What Is Worth Recalling Now from the bedlam of the next two days? I suppose there might be lessons for someone interested in how not to manage a corporate crisis. I began making my own mistakes that Thursday. The union condemned our publication of Cotton, for supposedly putting journalists in danger, claiming that he had called on the military “to ‘detain’ and ‘subdue’ Americans protesting racism and police brutality” – again, a misrepresentation of his argument. The publisher called to tell me the company was experiencing its largest sick day in history; people were turning down job offers because of the op-ed, and, he said, some people were quitting. He had been expecting for some time that the union would seek a voice in editorial decision-making; he said he thought this was the moment the union was making its move. He had clearly changed his own mind about the value of publishing the Cotton op-ed.

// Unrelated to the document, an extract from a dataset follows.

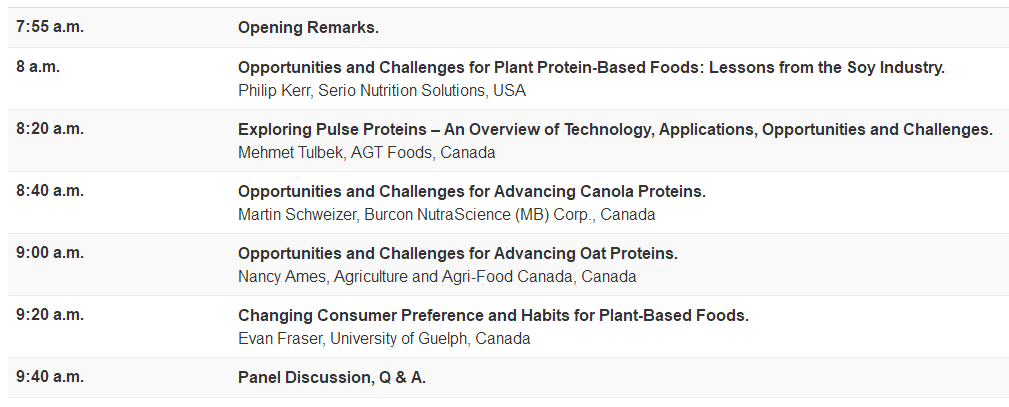 Consumers are demanding foods with higher contents of quality protein, particularly plant-based proteins. For decades, soy has been positioned as the primary plant-based protein, however consumers, and therefore industry, are seeking additional options. This Hot Topic Symposium will provide an opportunity to discuss the processes whereby soy established the primary market position for plant-based proteins and the lessons learned, followed by 3 presenting the challenges and opportunities for the introduction of alternative proteins, including those derived from canola, pulses and cereals. The session will conclude with a discussion of how changing consumer habits have affected the demand and acceptance of plant protein-based food.

Times readers are being served a very restricted range of views, some of them presented as straight news by a publication that still holds itself out as independent of any politics
I asked Dao to have our fact-checkers review the union’s claims. But then I went a step further: at the publisher’s request, I urged him to review the editing of the piece itself and come back to me with a list of steps we could have taken to make it better. Dao’s reflex – the correct one – was to defend the piece as published. He and three other editors of varying ages, genders and races had helped edit it; it had been fact-checked, as is all our work. But I resisted, worried that we had put Sulzberger in a hard position. In Opinion we had grown accustomed to the wrath of our colleagues, but this time the publisher was in the line of fire as well.

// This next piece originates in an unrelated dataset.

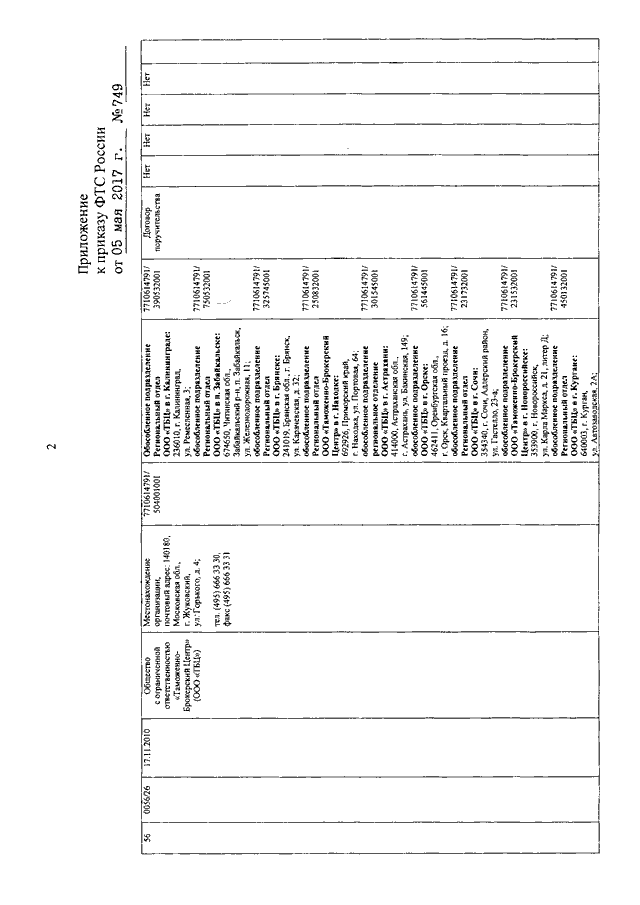 ПРИКАЗ ФТС РФ от 05.05.2017 N 749

I told myself there was nothing false about this. There isn’t an article out of the many thousands I have written or edited that I do not think, in retrospect, could have met a higher standard in some way – and Cotton’s op-ed is no exception. And I thought that by saying we could have somehow made the piece better, we would dispel the heat within the Times but affirm the principle that it was the kind of piece we should publish. This was my last failed attempt to have the debate within the Times that I had been seeking for four years, about why it was important to present Times readers with arguments like Cotton’s. The staff at the paper never wanted to have that debate. The Cotton uproar was the most extreme version of the internal reaction we faced whenever we published conservative arguments that were not simply anti-Trump. Yes, yes, of course we believe in the principle of publishing diverse views, my Times colleagues would say, but why this conservative? Why this argument?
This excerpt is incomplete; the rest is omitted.